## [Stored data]
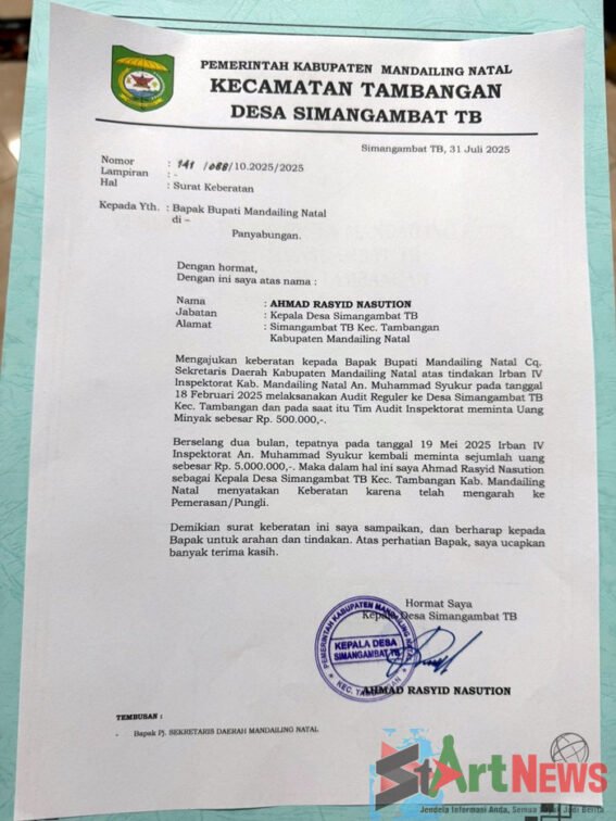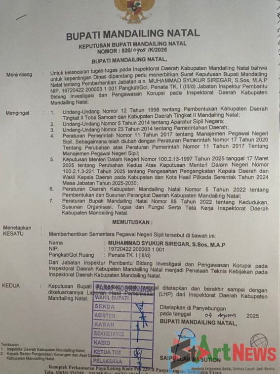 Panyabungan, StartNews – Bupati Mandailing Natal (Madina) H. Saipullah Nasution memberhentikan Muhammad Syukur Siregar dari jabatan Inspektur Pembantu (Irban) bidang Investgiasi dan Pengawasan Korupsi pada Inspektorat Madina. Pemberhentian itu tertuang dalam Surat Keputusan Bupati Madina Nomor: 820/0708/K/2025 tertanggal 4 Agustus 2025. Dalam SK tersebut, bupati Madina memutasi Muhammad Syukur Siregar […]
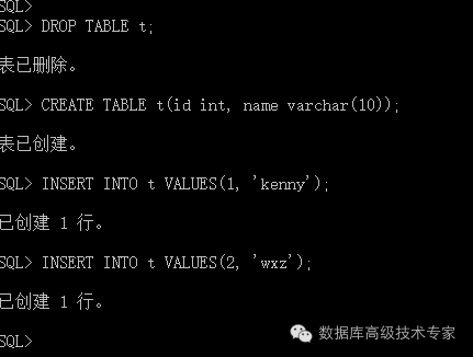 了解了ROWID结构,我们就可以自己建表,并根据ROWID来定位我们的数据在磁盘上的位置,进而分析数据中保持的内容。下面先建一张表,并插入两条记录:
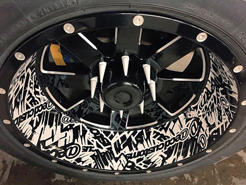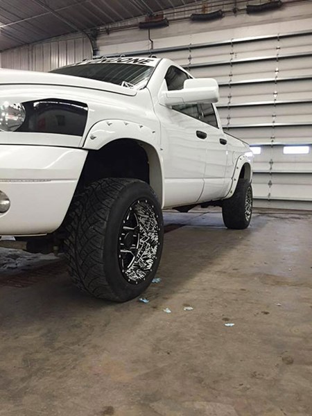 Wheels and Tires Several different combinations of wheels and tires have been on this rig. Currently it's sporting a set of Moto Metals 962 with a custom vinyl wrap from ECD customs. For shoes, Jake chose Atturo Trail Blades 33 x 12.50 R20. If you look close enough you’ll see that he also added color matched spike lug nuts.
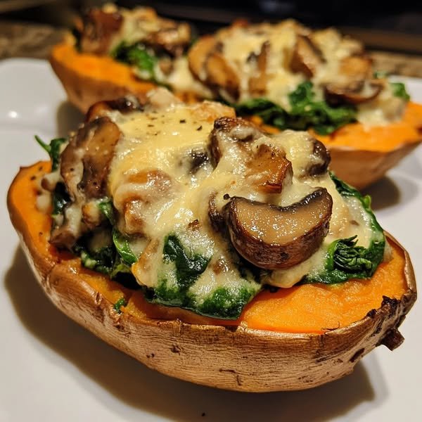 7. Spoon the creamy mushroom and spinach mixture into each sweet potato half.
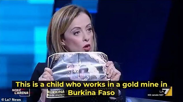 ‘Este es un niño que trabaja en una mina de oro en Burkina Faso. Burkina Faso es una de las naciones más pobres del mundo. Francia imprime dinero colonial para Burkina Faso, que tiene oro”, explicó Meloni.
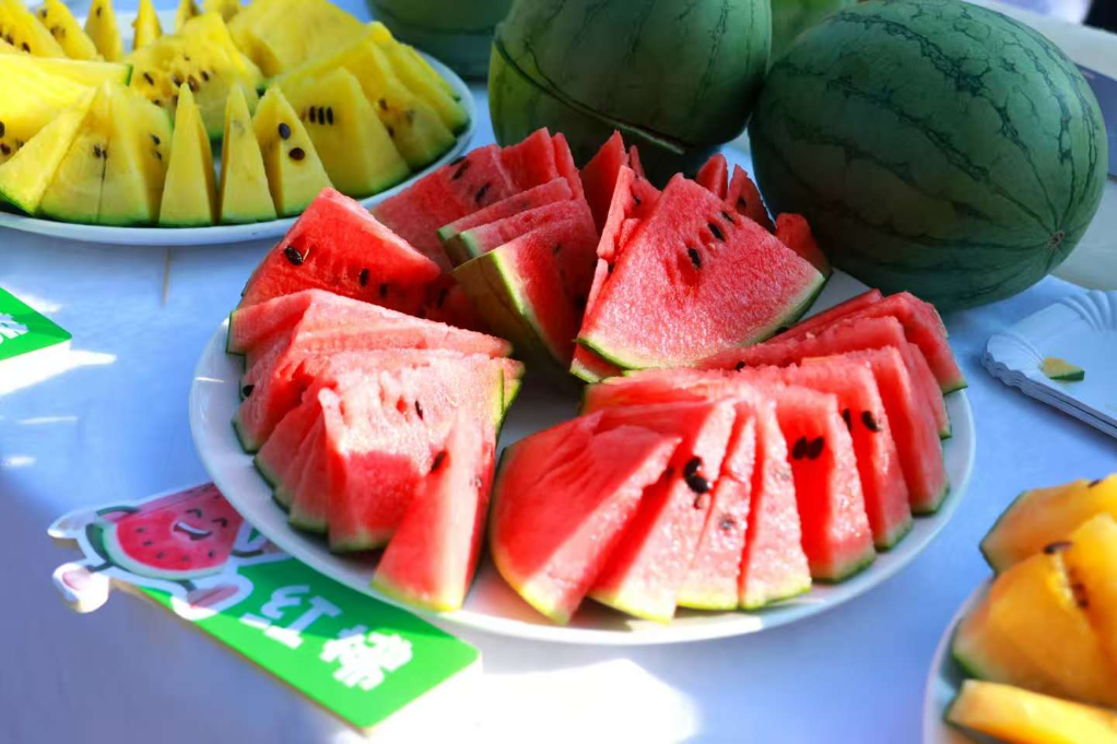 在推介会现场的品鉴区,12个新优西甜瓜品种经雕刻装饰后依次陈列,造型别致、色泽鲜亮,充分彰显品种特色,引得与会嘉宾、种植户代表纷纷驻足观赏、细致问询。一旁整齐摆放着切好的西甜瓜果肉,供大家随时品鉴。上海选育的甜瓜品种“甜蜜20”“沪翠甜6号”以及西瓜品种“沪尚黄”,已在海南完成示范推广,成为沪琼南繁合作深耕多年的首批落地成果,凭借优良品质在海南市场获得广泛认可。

## [YOUR GOAL]
For each record, return its text exactly and leave any picture out.

## [FINISHED TASK]
 Panyabungan, StartNews – Bupati Mandailing Natal (Madina) H. Saipullah Nasution memberhentikan Muhammad Syukur Siregar dari jabatan Inspektur Pembantu (Irban) bidang Investgiasi dan Pengawasan Korupsi pada Inspektorat Madina. Pemberhentian itu tertuang dalam Surat Keputusan Bupati Madina Nomor: 820/0708/K/2025 tertanggal 4 Agustus 2025. Dalam SK tersebut, bupati Madina memutasi Muhammad Syukur Siregar […]
 了解了ROWID结构,我们就可以自己建表,并根据ROWID来定位我们的数据在磁盘上的位置,进而分析数据中保持的内容。下面先建一张表,并插入两条记录:
 Wheels and Tires Several different combinations of wheels and tires have been on this rig. Currently it's sporting a set of Moto Metals 962 with a custom vinyl wrap from ECD customs. For shoes, Jake chose Atturo Trail Blades 33 x 12.50 R20. If you look close enough you’ll see that he also added color matched spike lug nuts.
 7. Spoon the creamy mushroom and spinach mixture into each sweet potato half.
 ‘Este es un niño que trabaja en una mina de oro en Burkina Faso. Burkina Faso es una de las naciones más pobres del mundo. Francia imprime dinero colonial para Burkina Faso, que tiene oro”, explicó Meloni.
 在推介会现场的品鉴区,12个新优西甜瓜品种经雕刻装饰后依次陈列,造型别致、色泽鲜亮,充分彰显品种特色,引得与会嘉宾、种植户代表纷纷驻足观赏、细致问询。一旁整齐摆放着切好的西甜瓜果肉,供大家随时品鉴。上海选育的甜瓜品种“甜蜜20”“沪翠甜6号”以及西瓜品种“沪尚黄”,已在海南完成示范推广,成为沪琼南繁合作深耕多年的首批落地成果,凭借优良品质在海南市场获得广泛认可。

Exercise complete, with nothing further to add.